Stored items
== Segment start ==

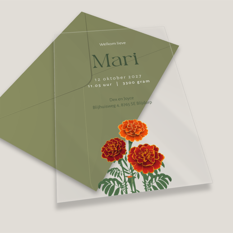 Uniek geboortekaartje voor een meisje met prachtige goudsbloemen. De goudsbloem is de geboortebloem van de maand oktober en staat voor opgewektheid, optimisme en levensvreugde. Dit vrolijke geboortekaartje Mari wordt op helder transparant acryl, ook wel plexiglas genoemd, gedrukt. Acryl geboortekaartjes zijn de allernieuwste trend! Pas de teksten, lettertypes en kleuren gemakkelijk aan in de editor.
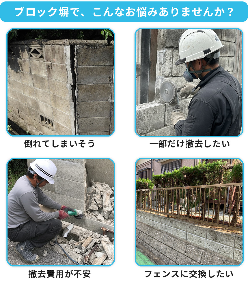 ブロック塀撤去は「いくらかかるのか分からない」と不安になりがちです。
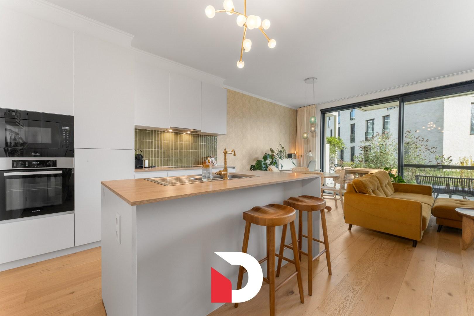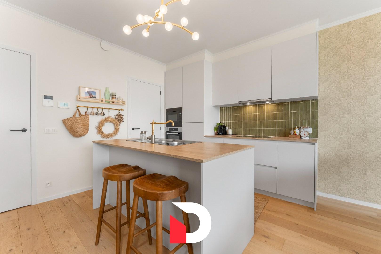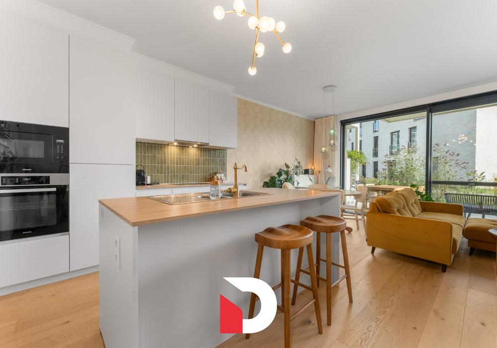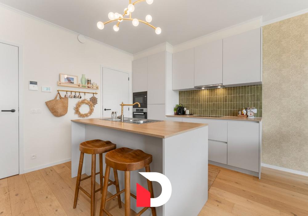 Dit klassevol afgewerkt appartement werd opgeleverd in 2022 en heeft een E-peil van maar liefst E34. Bij de afwerking kozen de huidige eigenaars voor warme en tijdloze materialen zoals parket en kwalitatieve keukentoestellen.
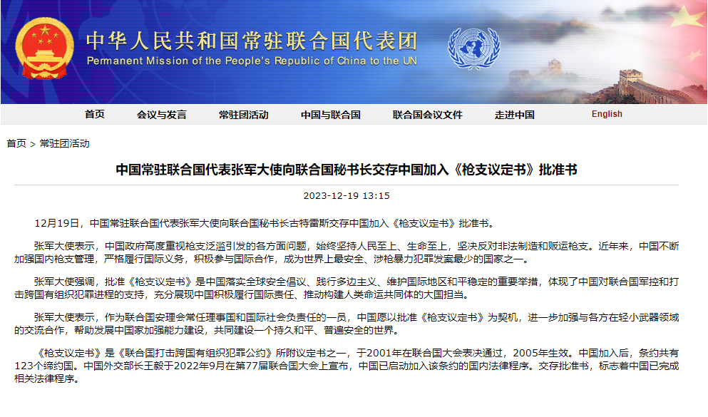 中國駐聯合國代表團網站截圖 據中國常駐聯合國代表團官網消息,張軍表示,中國政府高度重視槍支泛濫引發的各方面問題,始終堅持人民至上、生命至上,堅決反對非法製造和販運槍支。近年來,中國不斷加強國內槍支管理,嚴格履行國際義務,積極參與國際合作,成為世界上最安全、涉槍暴力犯罪發案最少的國家之一。 張軍強調,批准《槍支議定書》是中國落實全球安全倡議、踐行多邊主義、維護國際地區和平穩定的重要舉措,體現了中國對聯合國軍控和打擊跨國有組織犯罪進程的支持,充分展現中國積極履行國際責任、推動構建人類命運共同體的大國擔當。 張軍表示,作為聯合國安理會常任理事國和國際社會負責任的一員,中國願以批准《槍支議定書》為契機,進一步加強與各方在輕小武器領域的交流合作,幫助發展中國家加強能力建設,共同建設一個持久和平、普遍安全的世界。 《槍支議定書》是《聯合國打擊跨國有組織犯罪公約》所附議定書之一,於2001年在聯合國大會表決通過,2005年生效。中國外交部長王毅於去年9月在第77屆聯合國大會上宣佈,中國已啟動加入該條約的國內法律程序。交存批准書,標誌著中國已完成相關法律程序。(完) 【編輯:丘志彬】
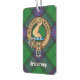 Clan Armstrong crest badge surrounded by a strap and buckle over tartan background. Custom text on both sides.
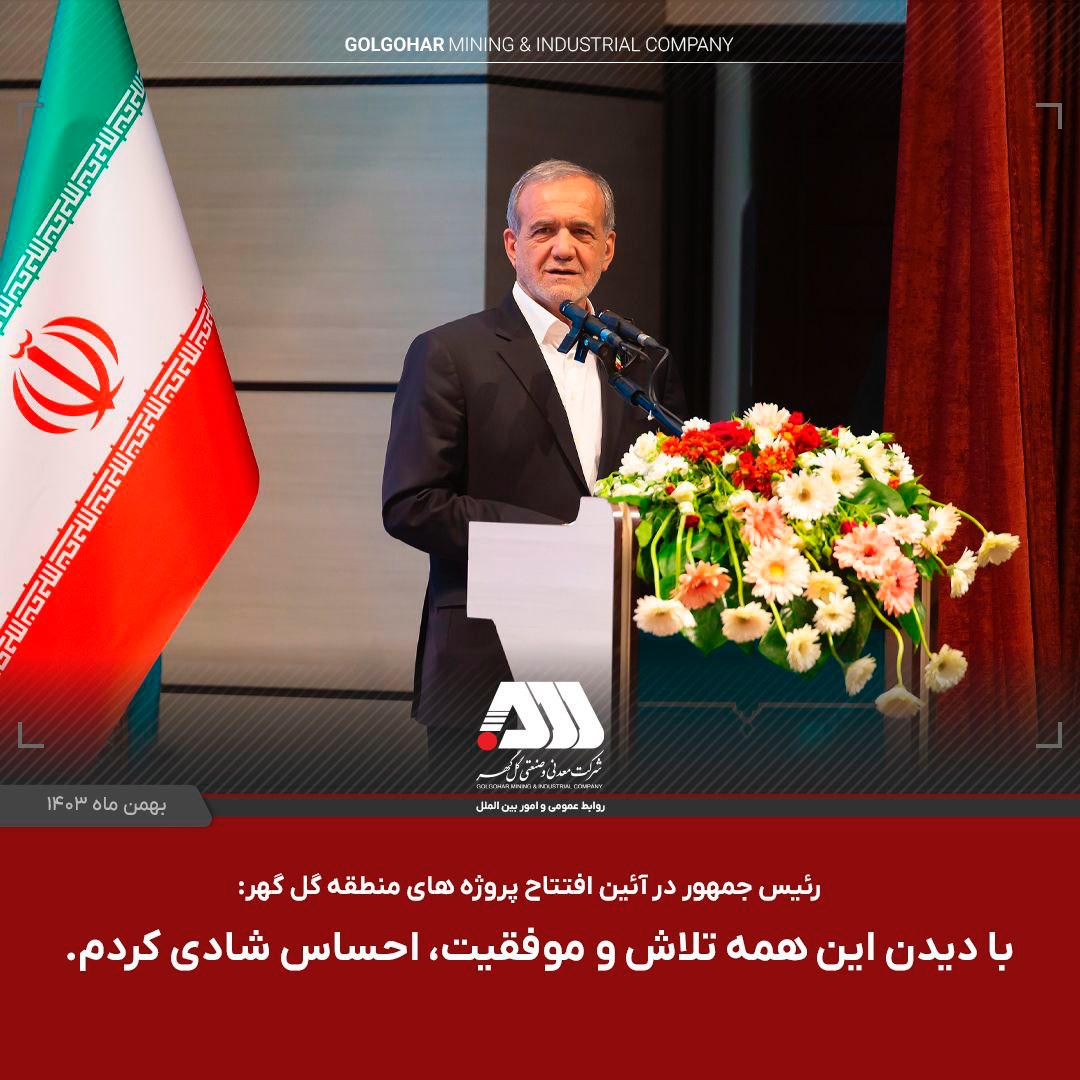 گفتنی است در آستانه سالگرد پیروزی انقلاب اسلامی، ۴ پروژه بزرگ صنعتی و گردشگری با سرمایه گذاری بیش از ۲۰ هزار میلیارد تومان و اشتغالزایی برای حدود ۳ هزار نفر امروز با حضور رئیس جمهور در منطقه گل گهر سیرجان افتتاح شد.
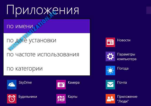 Помимо улучшения функциональности плиток начального экрана, на нем появилась дополнительная кнопка (изображенная в виде стрелки в кружочке направленной вниз). Нажатие на эту кнопку приводит к тому, что на экране появляются пиктограммы всех установленных на компьютере программ. Что касается полного списка приложений, то в Windows 8.1 он получил функцию сортировки по нескольким критериям: по имени, по дате, по частоте использования и по категориям.
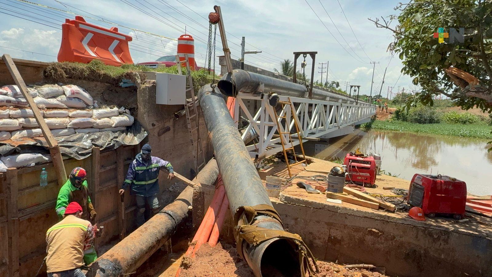 Coatzacoalcos, Ver.- Con la colocación de nuevas líneas de 18 y 21 pulgadas en el puente Calzadas II se hará más eficiente el servicio de agua potable para Coatzacoalcos.
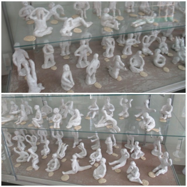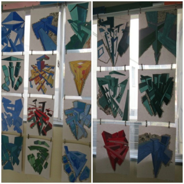 3点透視法による平面構成です。絵の具に白や黒を混ぜ、明暗をつけて立体的に表現しました。周りに細かくちぎった新聞紙を貼り、無彩色と有彩色の対比を狙いました。3枚目の写真は、3年間の総仕上げとして自分の体を作りました。全員分、割れずに出来上がりました!
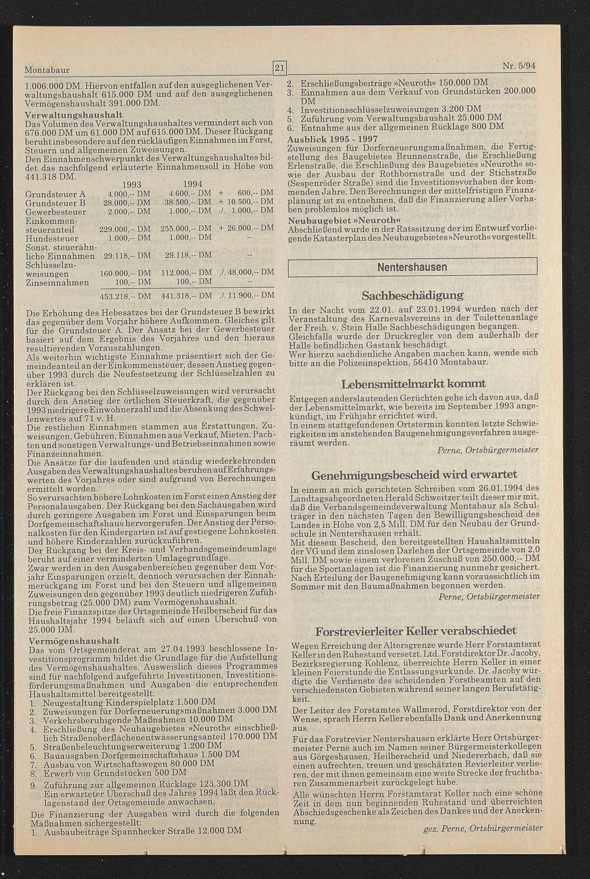 In einem an mich gerichteten Schreiben vom 26.01.1994 des Landtagsabgeordneten Herald Schweitzer teilt dieser mir mit, daß die Verbandsgemeindeverwaltung Montabaur als Schulträger in den nächsten Tagen den Bewilligungsbescheid des Landes in Höhe von 2,5 Mill. DM für den Neubau der Grundschule in Nentershausen erhält.
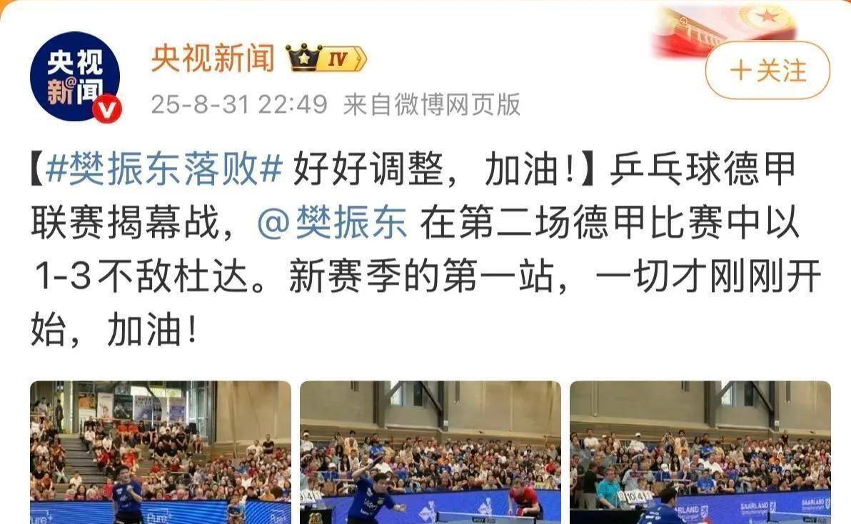 央视新闻在赛后第一时间发文力挺:“一切才刚刚开始! 好好调整,加油! ”这一表态被广泛解读为对过度批评的降温。 萨尔布吕肯队友们也集体表达支持,队长弗朗西斯卡称“樊振东很乐观,已在琢磨改进”,并暖心安慰“兄弟,把头抬起来! ”
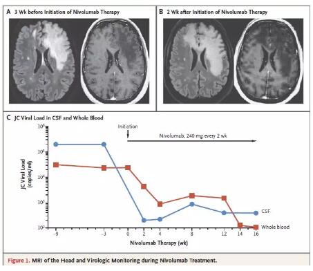 由于缺乏可使免疫功能恢复的治疗方法,且患者T细胞存在显着的PD-1表达,科学家们选择了O药进行治疗,剂量为每2周注射240 mg。O药治疗2周后,患者脑脊液JCV载量下降至200拷贝/毫升。O药治疗8周后,患者的神经系统症状和迹象稳定下来,随后她的警觉性有所改善,上睑下垂和偏瘫有所减轻。
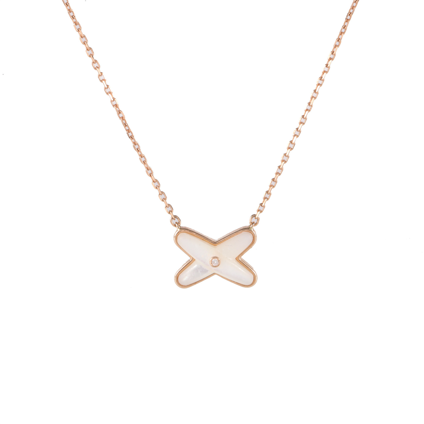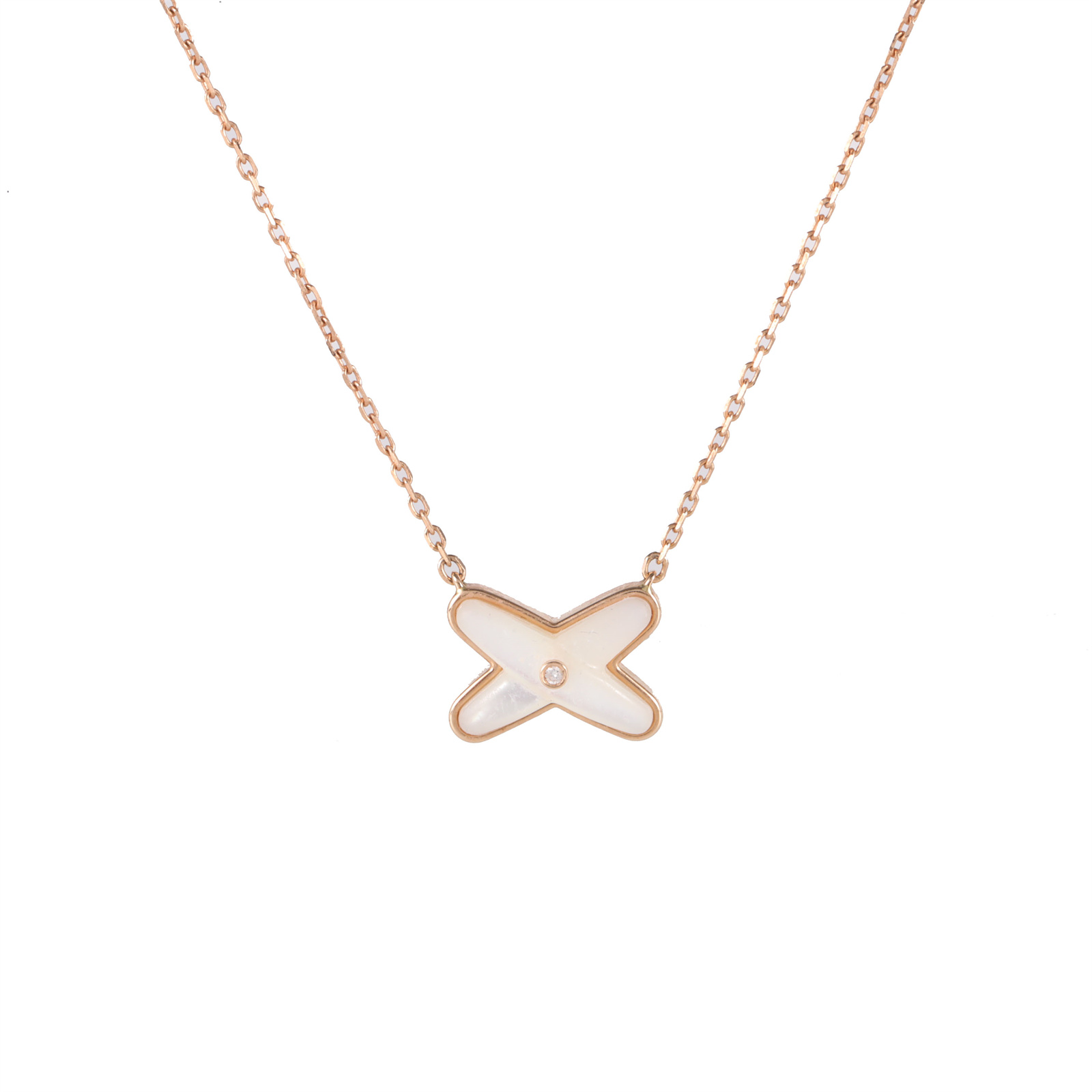 CHAUMET Juxe De Liens Pearl Mother-of-Pearl Single Diamond Small Fork Necklace 18K Rose Gold,Diamond
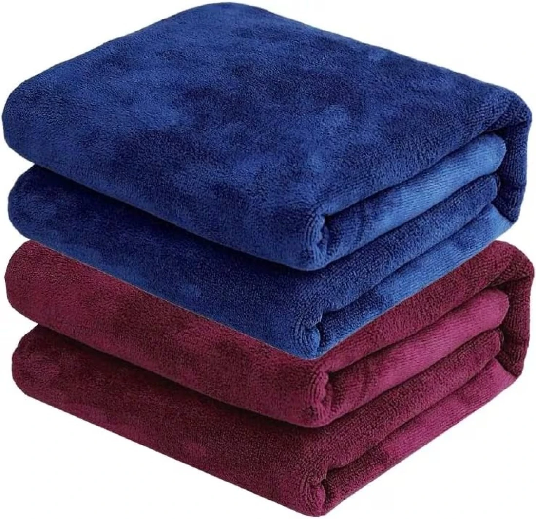 2-Pc Microfiber Bath Towel Navy/Wine Red 70x140cm, Soft, Durable, Super Absorbent Fast Drying and No Fading Multipurpose Towel

== Segment end ==

DIRECTIONS FOR THIS TASK: A word-for-word copy of the records is required. Leave out every picture.

SOLUTION BELOW:
 Uniek geboortekaartje voor een meisje met prachtige goudsbloemen. De goudsbloem is de geboortebloem van de maand oktober en staat voor opgewektheid, optimisme en levensvreugde. Dit vrolijke geboortekaartje Mari wordt op helder transparant acryl, ook wel plexiglas genoemd, gedrukt. Acryl geboortekaartjes zijn de allernieuwste trend! Pas de teksten, lettertypes en kleuren gemakkelijk aan in de editor.
 ブロック塀撤去は「いくらかかるのか分からない」と不安になりがちです。
 Dit klassevol afgewerkt appartement werd opgeleverd in 2022 en heeft een E-peil van maar liefst E34. Bij de afwerking kozen de huidige eigenaars voor warme en tijdloze materialen zoals parket en kwalitatieve keukentoestellen.
 中國駐聯合國代表團網站截圖 據中國常駐聯合國代表團官網消息,張軍表示,中國政府高度重視槍支泛濫引發的各方面問題,始終堅持人民至上、生命至上,堅決反對非法製造和販運槍支。近年來,中國不斷加強國內槍支管理,嚴格履行國際義務,積極參與國際合作,成為世界上最安全、涉槍暴力犯罪發案最少的國家之一。 張軍強調,批准《槍支議定書》是中國落實全球安全倡議、踐行多邊主義、維護國際地區和平穩定的重要舉措,體現了中國對聯合國軍控和打擊跨國有組織犯罪進程的支持,充分展現中國積極履行國際責任、推動構建人類命運共同體的大國擔當。 張軍表示,作為聯合國安理會常任理事國和國際社會負責任的一員,中國願以批准《槍支議定書》為契機,進一步加強與各方在輕小武器領域的交流合作,幫助發展中國家加強能力建設,共同建設一個持久和平、普遍安全的世界。 《槍支議定書》是《聯合國打擊跨國有組織犯罪公約》所附議定書之一,於2001年在聯合國大會表決通過,2005年生效。中國外交部長王毅於去年9月在第77屆聯合國大會上宣佈,中國已啟動加入該條約的國內法律程序。交存批准書,標誌著中國已完成相關法律程序。(完) 【編輯:丘志彬】
 Clan Armstrong crest badge surrounded by a strap and buckle over tartan background. Custom text on both sides.
 گفتنی است در آستانه سالگرد پیروزی انقلاب اسلامی، ۴ پروژه بزرگ صنعتی و گردشگری با سرمایه گذاری بیش از ۲۰ هزار میلیارد تومان و اشتغالزایی برای حدود ۳ هزار نفر امروز با حضور رئیس جمهور در منطقه گل گهر سیرجان افتتاح شد.
 Помимо улучшения функциональности плиток начального экрана, на нем появилась дополнительная кнопка (изображенная в виде стрелки в кружочке направленной вниз). Нажатие на эту кнопку приводит к тому, что на экране появляются пиктограммы всех установленных на компьютере программ. Что касается полного списка приложений, то в Windows 8.1 он получил функцию сортировки по нескольким критериям: по имени, по дате, по частоте использования и по категориям.
 Coatzacoalcos, Ver.- Con la colocación de nuevas líneas de 18 y 21 pulgadas en el puente Calzadas II se hará más eficiente el servicio de agua potable para Coatzacoalcos.
 3点透視法による平面構成です。絵の具に白や黒を混ぜ、明暗をつけて立体的に表現しました。周りに細かくちぎった新聞紙を貼り、無彩色と有彩色の対比を狙いました。3枚目の写真は、3年間の総仕上げとして自分の体を作りました。全員分、割れずに出来上がりました!
 In einem an mich gerichteten Schreiben vom 26.01.1994 des Landtagsabgeordneten Herald Schweitzer teilt dieser mir mit, daß die Verbandsgemeindeverwaltung Montabaur als Schulträger in den nächsten Tagen den Bewilligungsbescheid des Landes in Höhe von 2,5 Mill. DM für den Neubau der Grundschule in Nentershausen erhält.
 央视新闻在赛后第一时间发文力挺:“一切才刚刚开始! 好好调整,加油! ”这一表态被广泛解读为对过度批评的降温。 萨尔布吕肯队友们也集体表达支持,队长弗朗西斯卡称“樊振东很乐观,已在琢磨改进”,并暖心安慰“兄弟,把头抬起来! ”
 由于缺乏可使免疫功能恢复的治疗方法,且患者T细胞存在显着的PD-1表达,科学家们选择了O药进行治疗,剂量为每2周注射240 mg。O药治疗2周后,患者脑脊液JCV载量下降至200拷贝/毫升。O药治疗8周后,患者的神经系统症状和迹象稳定下来,随后她的警觉性有所改善,上睑下垂和偏瘫有所减轻。
 CHAUMET Juxe De Liens Pearl Mother-of-Pearl Single Diamond Small Fork Necklace 18K Rose Gold,Diamond
 2-Pc Microfiber Bath Towel Navy/Wine Red 70x140cm, Soft, Durable, Super Absorbent Fast Drying and No Fading Multipurpose Towel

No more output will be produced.